- Siege of Uspe: Part of Roman-Bosporan War
| Date | c. 49 AD |
| Location | Cimmerian Bosporus |
| Result | Aorsic Victory Complete destruction of Uspe; |

Belligerents
- Aorsi: Siraces

Commanders and leaders
- Eunones: Zorsines

Strength
- Unknown: 10,000+

Casualties and losses
- Unknown: 10,000 captured

= Siege of Uspe =

49 sack

The siege of Uspe was a short siege during the brief Roman-Bosporan War between the Siraceni and the Aorsi on the weakly fortified stronghold of Uspe.

==Background and Siege==

Zorsines had been aiding Mithridates III in his war against his brother Cotys I since 40 AD. The Mithridatic faction had been losing, having lost Artezian to the Roman forces sometime in 45 AD.
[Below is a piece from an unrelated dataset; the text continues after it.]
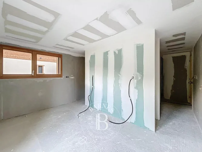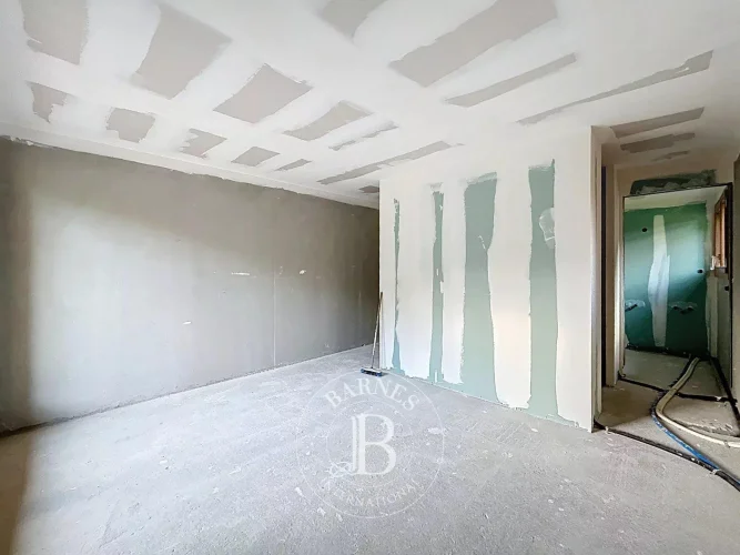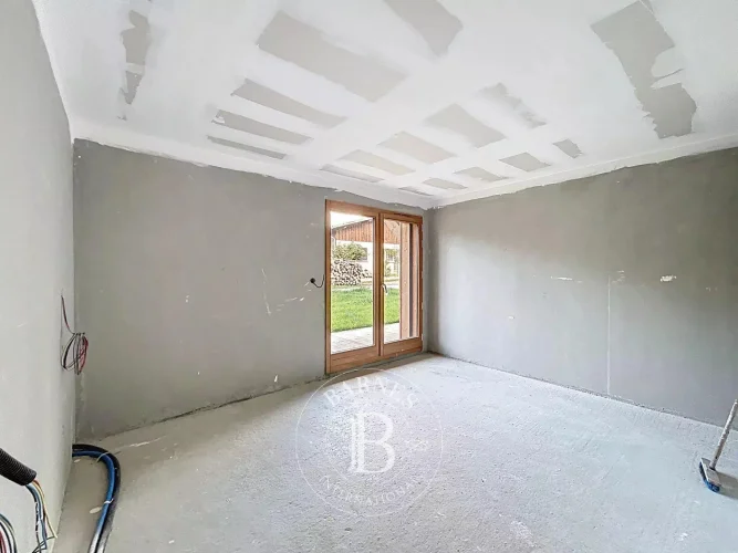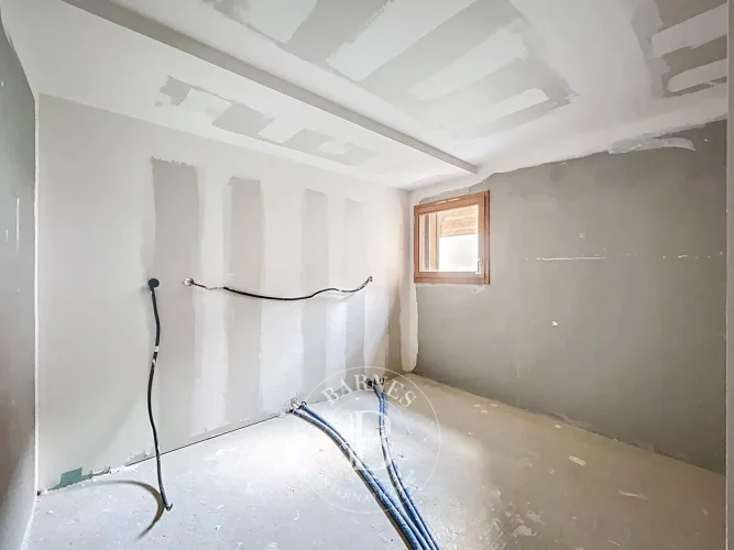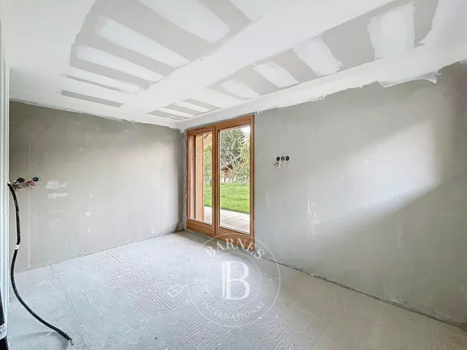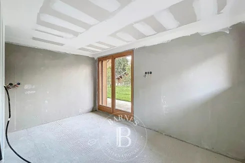 On the garden level: two large en-suite bedrooms — one with a dressing room, shower room with double basin and Wc, the other with fitted wardrobes, shower room and separate Wc. Both bedrooms open onto a terrace and the garden. This level also includes a double bedroom, a bunk bedroom, a shower room, a separate Wc, a utility room, and ample storage.

The siege began after Aorsi commander Eunones crossed the river Panda and noticed that the stronghold had weak defenses that he could use in his favor. Eunones constructed towers to harass the people of the city with darts and arrows to soften their defenses and force them to expedite their surrender. After not being able to take no more, the people of Uspe offered a capitulation of 10,000 hostages, to which the Aorsi declined. The siege in total would have begun and finished within one day if nightfall had not stopped the conflict. Not being able to hold out against the Aorsi for too long, Zorsines sued for peace and acknowledge the superiority of Claudius.

After Mithridates learned of his ally's defeat, he also sued for peace as he found his troop numbers not sufficient to continue the war.